До дома я добрел не спеша, позволяя дождю намочить себя до трусов. Мать встретила на веранде. Оглядела меня с головы до ног и изящно закурила сигарету.
— Давно тебя таким не видела…
— Каким? — направился мимо нее внутрь, но тут же вернулся.
— Вот-вот, — выдохнула она с дымом. — Туда-сюда…
— Туда-сюда, — усмехнулся я и отобрал у нее сигарету, затягиваясь. — И почему ты у меня не врач? Идеальный диагноз!
— Зато ты врач. Себе диагноз уже поставил?
— А то, — и я облизал горькие губы.
— Ну и к чему мне готовиться?
— Я остаюсь дома. Не поеду больше к людям.
— О, а это интересный побочный эффект…
— Тебя не проведешь.
— Переодевайся и давай чай пить. — И когда я поднес к губам сигарету снова, вдруг многозначительно кивнула на стол: — У нас банановый торт.
Очередная затяжка застряла в трахее и обожгла легкие так, что я зашелся диким кашлем. Из глаз брызнули слезы, мешая продрать глаза и рассмотреть на столе знакомую коробку. Она плыла перед глазами вместе с чашками, ложками и прочей сервировкой.

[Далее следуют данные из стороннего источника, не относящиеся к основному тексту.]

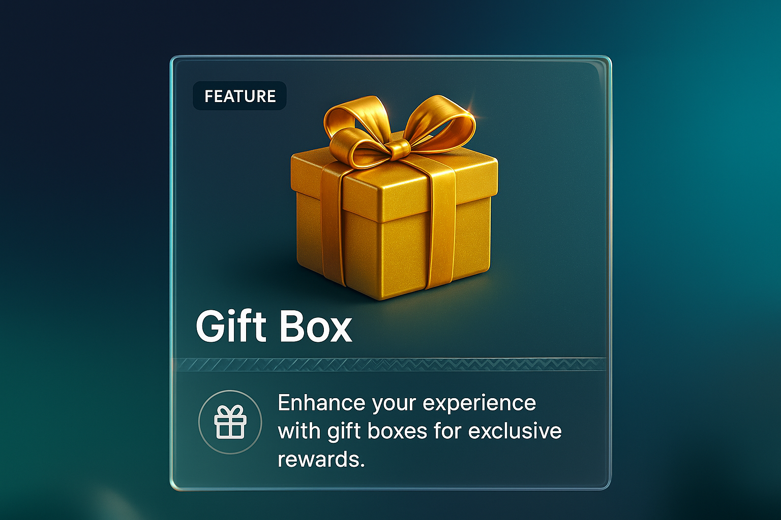 /Collection: /by davooda/Type: PNG/A visually appealing 3D rendering of a gold gift box adorned with a ribbon, set against a smooth gradient background. The design includes feature text and a subtle label for enhanced context.

— Иди-иди в ванную, — почувствовал я теплые руки на плечах и поддался указанному направлению, почти не сомневаясь уже, что я увижу…
Темный коридор я прошел на ощупь, а свет в моей ванной больно ударил по глазам, и я снова зажмурился…

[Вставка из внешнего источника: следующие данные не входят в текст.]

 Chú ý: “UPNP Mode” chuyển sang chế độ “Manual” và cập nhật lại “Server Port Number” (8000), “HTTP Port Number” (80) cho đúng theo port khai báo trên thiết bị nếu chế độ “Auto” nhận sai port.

— Привет, — хрипло выдохнула Робин, оборачиваясь. Она тоже промокла, и теперь сушила волосы полотенцем, переодевшись в мои вещи, в которых была вчера.
— Я больше не твой врач, — сложил я руки на груди и оглядел ее с головы до ног.
— Зря, — оперлась она о раковину.
Что-то поменялось в ней с утра. Ни робости, ни страха, ни неуверенности.
— А я прошла твою терапию. И считаю, что ты все же лучший.
— Ты не прошла…
— Ты бы видел его рожу, — перебила она меня, задирая подбородок и копируя мою позу. Ее хриплый голос продирал до внутренностей и пускал совершенно неуместные импульсы по телу. — Но торт я поменяла на шоколадный.
— А… — многозначительно выдохнул я. Снова меня уделала. Дважды в один день. — И что почувствовала?
— Ничего. Вообще. Мне кажется, я вылечилась раньше. Но было весело. Его жена так смотрела… Потом начала орать, а он — хватать ее… Думаю, у них сегодня будет неприятный разговор. Но мне плевать. Я не хочу больше думать о ком-то больше, чем о себе. Мне плевать, что станет с ним также, как ему было плевать на меня… И на своих родителей, которые старались это все замять.